[Collected data]
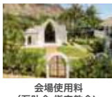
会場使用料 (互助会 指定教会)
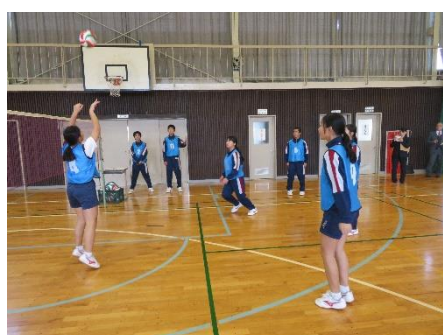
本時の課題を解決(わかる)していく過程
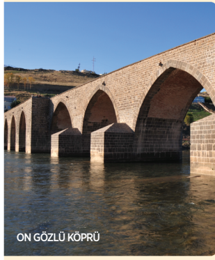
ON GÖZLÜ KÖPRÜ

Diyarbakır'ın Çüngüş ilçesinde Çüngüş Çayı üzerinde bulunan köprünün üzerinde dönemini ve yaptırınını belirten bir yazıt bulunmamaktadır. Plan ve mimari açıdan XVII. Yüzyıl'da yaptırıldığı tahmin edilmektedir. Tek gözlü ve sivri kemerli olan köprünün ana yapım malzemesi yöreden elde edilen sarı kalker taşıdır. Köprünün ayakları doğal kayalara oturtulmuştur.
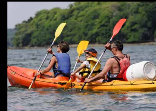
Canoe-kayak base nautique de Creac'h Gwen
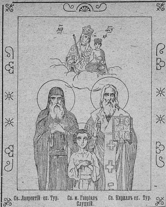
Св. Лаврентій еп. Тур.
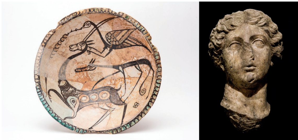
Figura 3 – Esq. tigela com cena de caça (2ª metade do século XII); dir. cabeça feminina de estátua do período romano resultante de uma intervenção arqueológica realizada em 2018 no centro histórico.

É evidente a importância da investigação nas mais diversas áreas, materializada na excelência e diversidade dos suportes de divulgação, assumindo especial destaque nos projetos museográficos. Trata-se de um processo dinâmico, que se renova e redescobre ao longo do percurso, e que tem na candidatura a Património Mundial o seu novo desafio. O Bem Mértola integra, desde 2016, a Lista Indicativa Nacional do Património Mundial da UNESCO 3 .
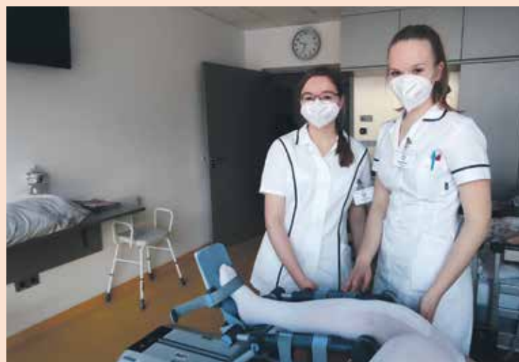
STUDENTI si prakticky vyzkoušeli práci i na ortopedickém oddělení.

### [Directions for this task]
Exact copy, pictures excluded: every line above from the one containing "ON GÖZLÜ KÖPRÜ" to the one containing "Св. Лаврентій еп. Тур.", inclusive, and nothing more.

### [Solution below]
ON GÖZLÜ KÖPRÜ

Diyarbakır'ın Çüngüş ilçesinde Çüngüş Çayı üzerinde bulunan köprünün üzerinde dönemini ve yaptırınını belirten bir yazıt bulunmamaktadır. Plan ve mimari açıdan XVII. Yüzyıl'da yaptırıldığı tahmin edilmektedir. Tek gözlü ve sivri kemerli olan köprünün ana yapım malzemesi yöreden elde edilen sarı kalker taşıdır. Köprünün ayakları doğal kayalara oturtulmuştur.
Canoe-kayak base nautique de Creac'h Gwen
Св. Лаврентій еп. Тур.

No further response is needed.